29/08/2026
Devocional de HOY
Un hermano de bendición
Fecha: 2026-08-29
Bíblico: “Ahora, pues, no tengáis miedo; yo os sustentaré a vosotros y a vuestros hijos. Así los consoló, y les habló al corazón”. (Génesis 50:21)
Complementario: 2 Corintios 1:3-4
Devocional: Una de las cosas con las que lucha a diario el ser humano es el temor, y los hermanos de José tenían temor de su futuro, de lo que sería de ellos, ¿lo tenemos nosotros también? José les transmite confianza, se convierte en el hermano que ve por ellos, los alimenta y los cuida, fue como un guarda para ellos. Como hermano responsable de perpetuar el legado de su padre, debía garantizar que sus hermanos no perecieran, por el contrario, que se multiplicaran al punto de que su familia no se extinguiera, se fortaleciera y se perpetuara. José no necesitó que su padre le recomendara cuidar a sus hermanos, él era un hombre de fe y, como tal, los cuidaría y los sustentaría; así ellos jamás cambiaran o no se arrepintieran del mal que le habían causado. José, no se quedó en tranquilizarlos, sino que los consoló. ¿Qué es consolar? Es animar, alentar, ayudar, tres cosas importantes que hizo por ellos; además, les habló al corazón. Si alguien necesitaba consuelo era José, pero él consoló a todos aquellos alrededor suyo, eso es lo que hace un hombre como José, un hombre que ama, un hombre que vive de acuerdo con el propósito que Dios dio para su vida. El propósito de Dios es que consolemos, pues hemos recibido el consuelo de Dios, inclusive a aquellos que han procurado el mal sobre nuestra vida. Pablo habla de esto en la segunda carta a los Corintios, reconociendo que Dios es nuestro consolador, nuestro ayudador, Él es capaz de vendar los corazones rotos, de sanar las heridas más dolorosas, y de dar esperanza y gozo. José había experimentado esto de parte de Dios durante todo su proceso de vida y por eso pudo consolar a sus hermanos. Un hombre o una mujer de fe han de bendecir a sus hermanos, disfrutando la reconciliación y el amor sustentador hacia ellos, llevándoles consuelo y hablándoles al corazón.

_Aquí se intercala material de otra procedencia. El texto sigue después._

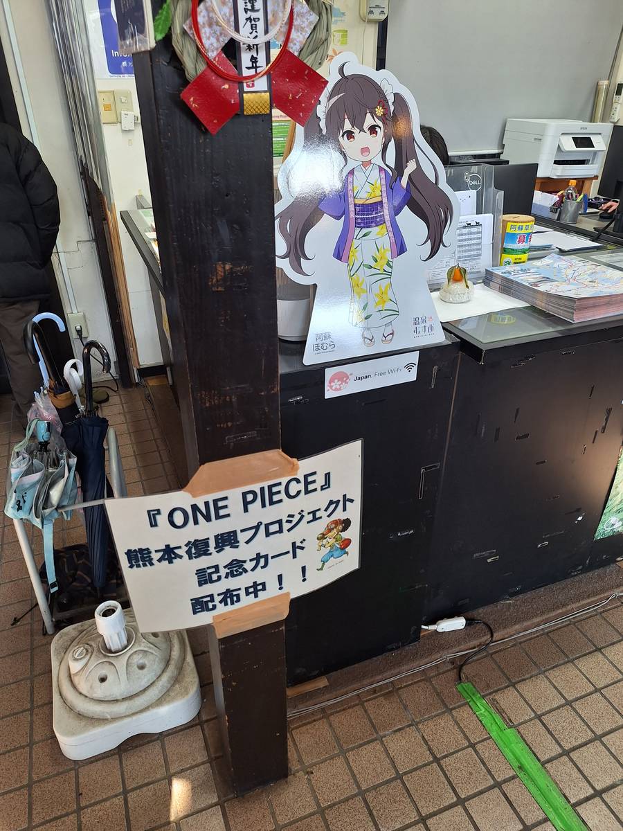 接著,我們便乘搭巴士至阿蘇站,途中還塞車塞了一會。下車後,我們在旅客中心稍作停留,拿了地圖和傳單,也看到了溫泉娘立牌。

Oremos: "Dios eterno, me presento ante ti, con corazón agradecido porque día tras día me has sustentado, me has consolado y has hablado a mi corazón como hoy. Cuan grande es tu Palabra y qué maravilloso es entender tus propósitos para mi vida. Permíteme cada día ser un hermano de bendición, que como hijo tuyo asuma el legado que me has dado, que cuide y sustente a mis hermanos, disfrutando la reconciliación y tu amor sustentador hacia ellos, llevándoles tranquilidad, consuelo y hablándoles al corazón cada día. Gracias Padre, que tu amor me cubra y tu bendición me acompañe".